• [Exercise input]
▬▬▬▬▬▬▬▬▬▬

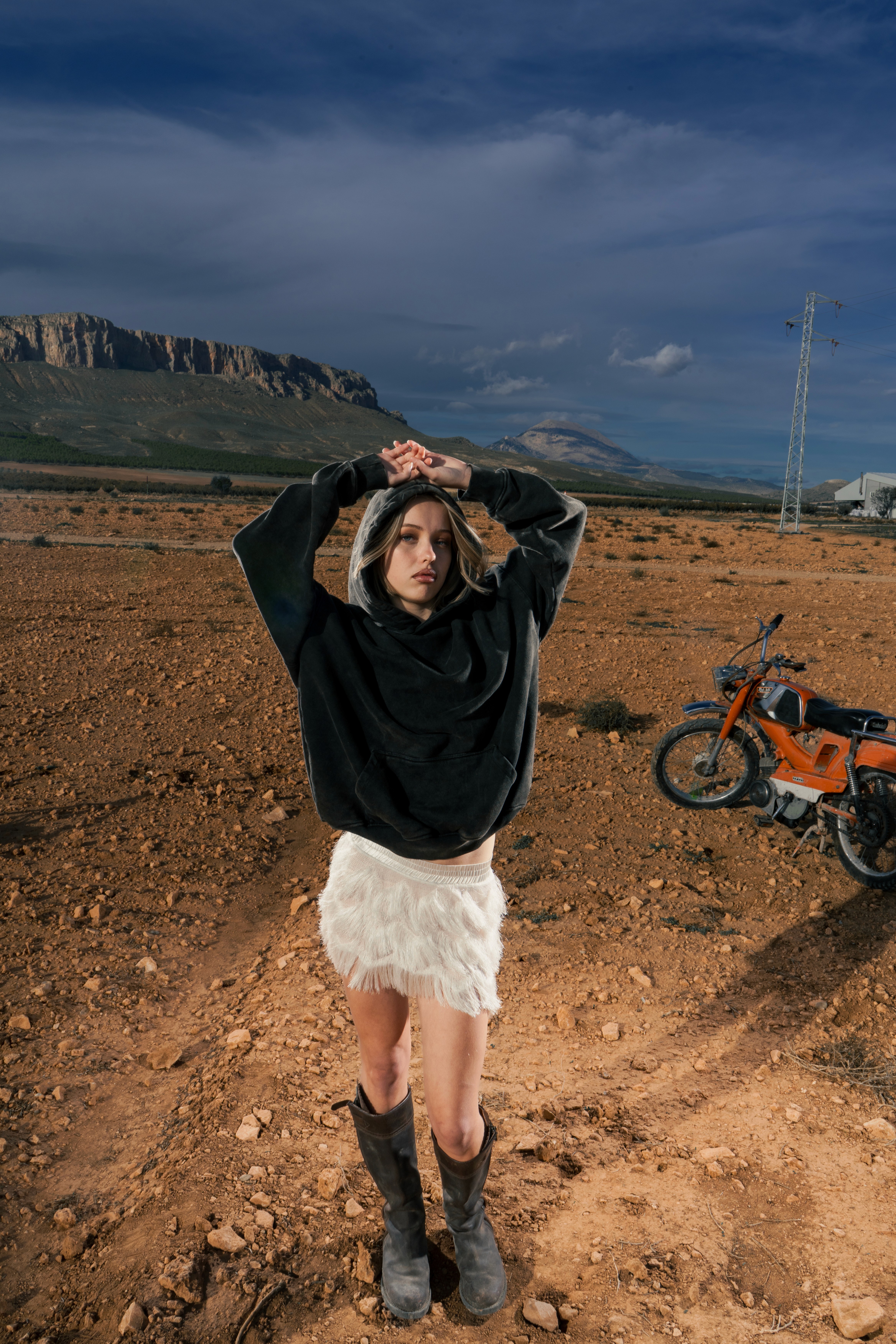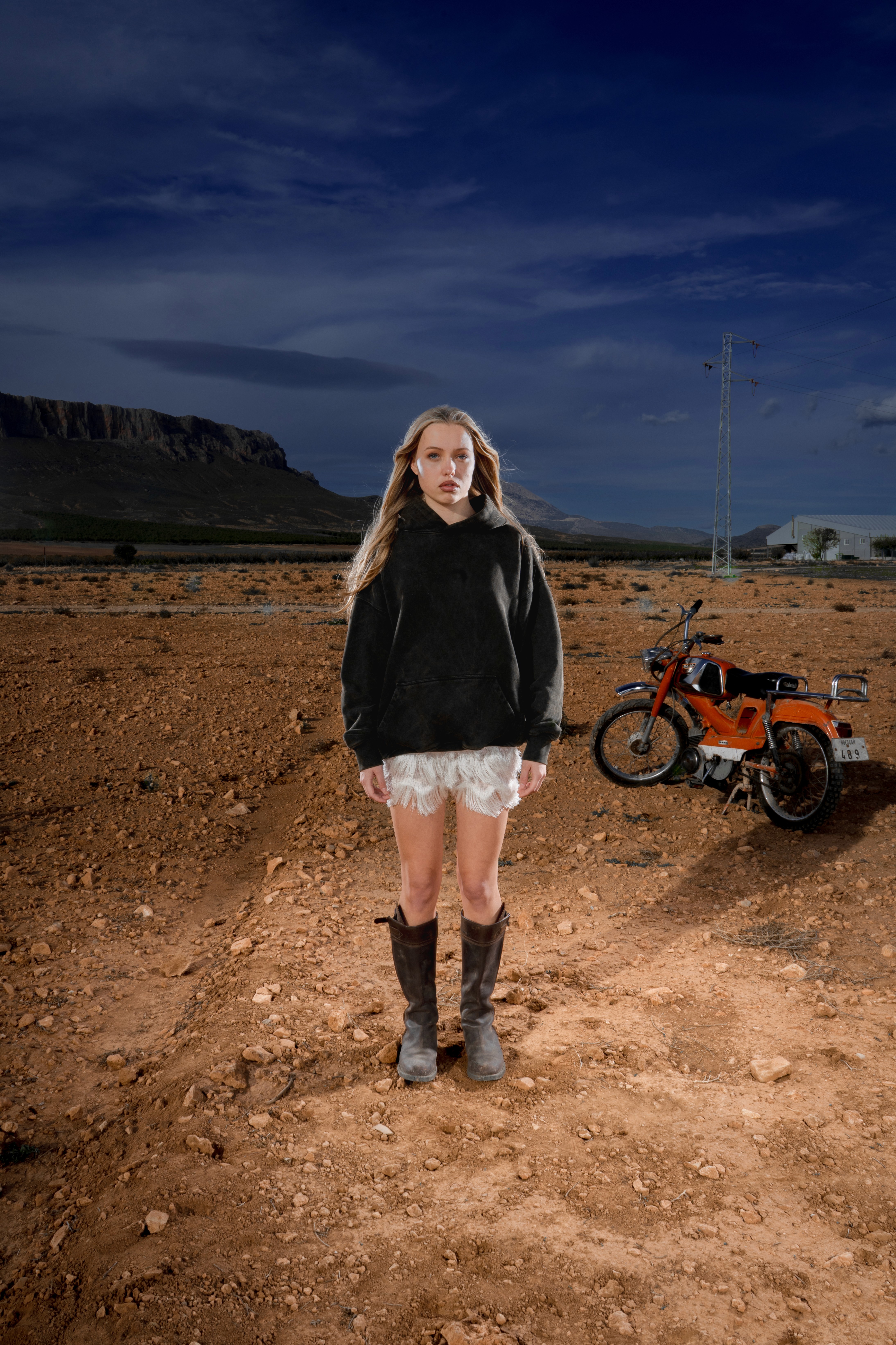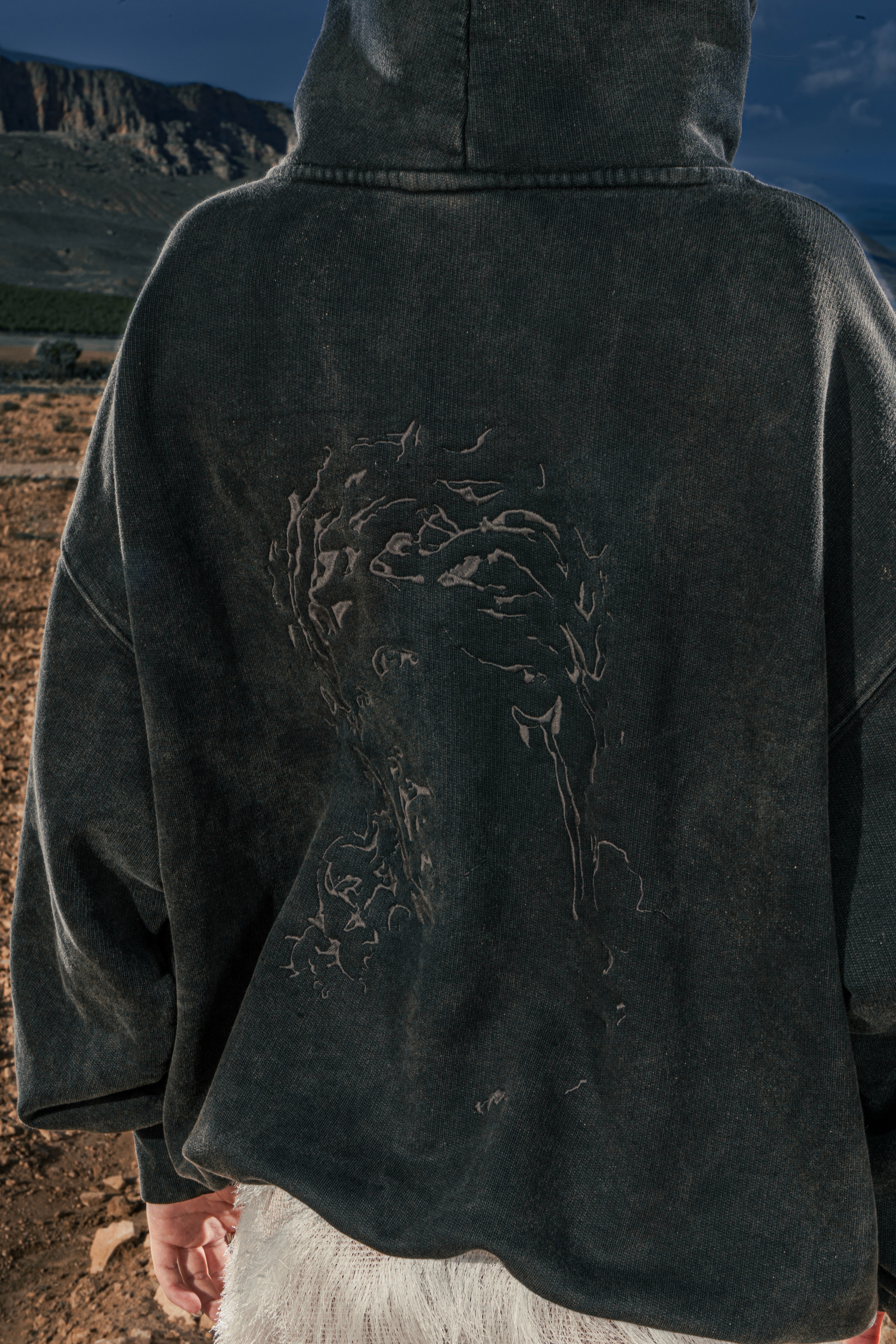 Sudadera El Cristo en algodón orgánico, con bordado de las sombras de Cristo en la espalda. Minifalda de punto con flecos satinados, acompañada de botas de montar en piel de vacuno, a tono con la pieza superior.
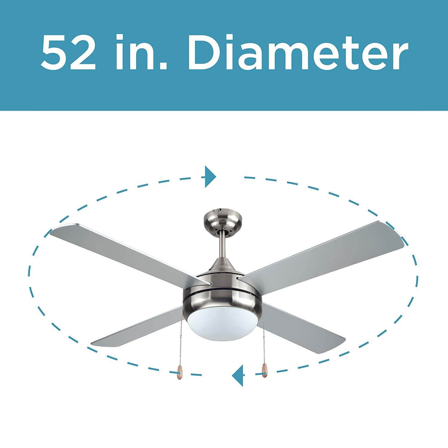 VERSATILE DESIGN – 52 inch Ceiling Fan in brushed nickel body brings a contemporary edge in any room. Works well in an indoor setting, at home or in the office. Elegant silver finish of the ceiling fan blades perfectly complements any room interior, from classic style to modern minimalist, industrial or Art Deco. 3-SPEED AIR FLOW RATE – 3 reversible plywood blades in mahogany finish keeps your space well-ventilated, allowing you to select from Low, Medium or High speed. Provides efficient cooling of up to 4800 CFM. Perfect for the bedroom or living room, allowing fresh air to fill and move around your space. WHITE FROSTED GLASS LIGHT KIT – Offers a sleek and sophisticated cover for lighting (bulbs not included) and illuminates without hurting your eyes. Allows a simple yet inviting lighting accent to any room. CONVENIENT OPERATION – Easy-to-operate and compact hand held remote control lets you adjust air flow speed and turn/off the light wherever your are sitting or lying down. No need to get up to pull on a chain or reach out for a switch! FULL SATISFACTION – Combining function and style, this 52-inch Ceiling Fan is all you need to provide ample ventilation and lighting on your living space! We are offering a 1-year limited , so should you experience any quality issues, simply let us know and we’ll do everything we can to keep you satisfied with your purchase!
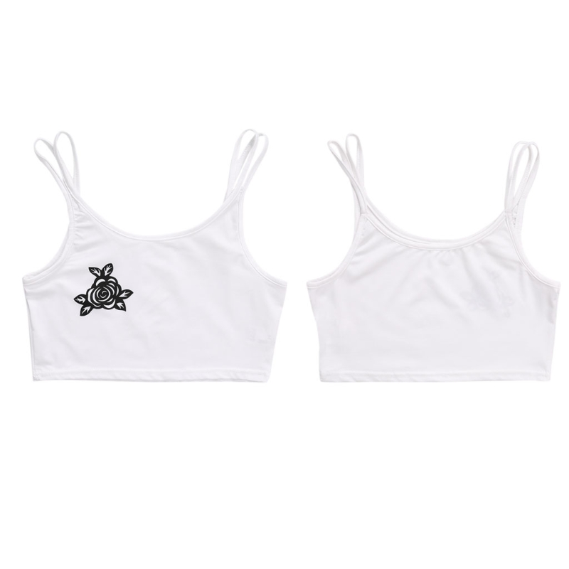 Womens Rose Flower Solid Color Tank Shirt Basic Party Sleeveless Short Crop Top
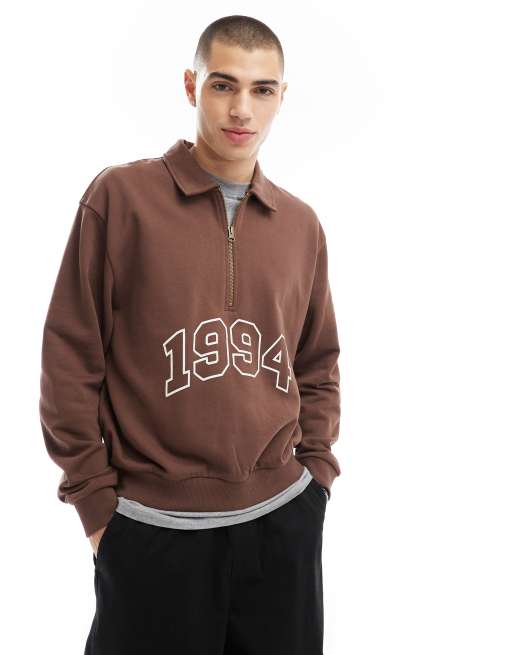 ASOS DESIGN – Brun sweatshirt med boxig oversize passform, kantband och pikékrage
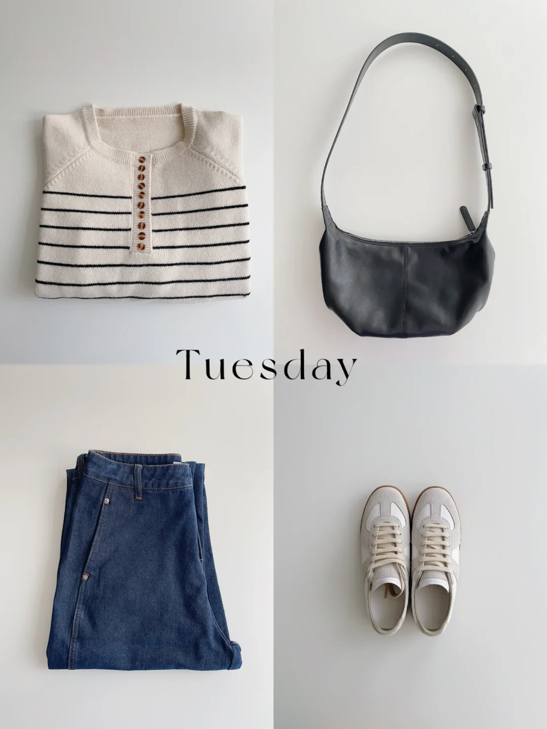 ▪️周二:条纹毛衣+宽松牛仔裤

▬▬▬▬▬▬▬▬▬▬

Pictures stay out. Everything else in the listing gets printed exactly.

 Sudadera El Cristo en algodón orgánico, con bordado de las sombras de Cristo en la espalda. Minifalda de punto con flecos satinados, acompañada de botas de montar en piel de vacuno, a tono con la pieza superior.
 VERSATILE DESIGN – 52 inch Ceiling Fan in brushed nickel body brings a contemporary edge in any room. Works well in an indoor setting, at home or in the office. Elegant silver finish of the ceiling fan blades perfectly complements any room interior, from classic style to modern minimalist, industrial or Art Deco. 3-SPEED AIR FLOW RATE – 3 reversible plywood blades in mahogany finish keeps your space well-ventilated, allowing you to select from Low, Medium or High speed. Provides efficient cooling of up to 4800 CFM. Perfect for the bedroom or living room, allowing fresh air to fill and move around your space. WHITE FROSTED GLASS LIGHT KIT – Offers a sleek and sophisticated cover for lighting (bulbs not included) and illuminates without hurting your eyes. Allows a simple yet inviting lighting accent to any room. CONVENIENT OPERATION – Easy-to-operate and compact hand held remote control lets you adjust air flow speed and turn/off the light wherever your are sitting or lying down. No need to get up to pull on a chain or reach out for a switch! FULL SATISFACTION – Combining function and style, this 52-inch Ceiling Fan is all you need to provide ample ventilation and lighting on your living space! We are offering a 1-year limited , so should you experience any quality issues, simply let us know and we’ll do everything we can to keep you satisfied with your purchase!
 Womens Rose Flower Solid Color Tank Shirt Basic Party Sleeveless Short Crop Top
 ASOS DESIGN – Brun sweatshirt med boxig oversize passform, kantband och pikékrage
 ▪️周二:条纹毛衣+宽松牛仔裤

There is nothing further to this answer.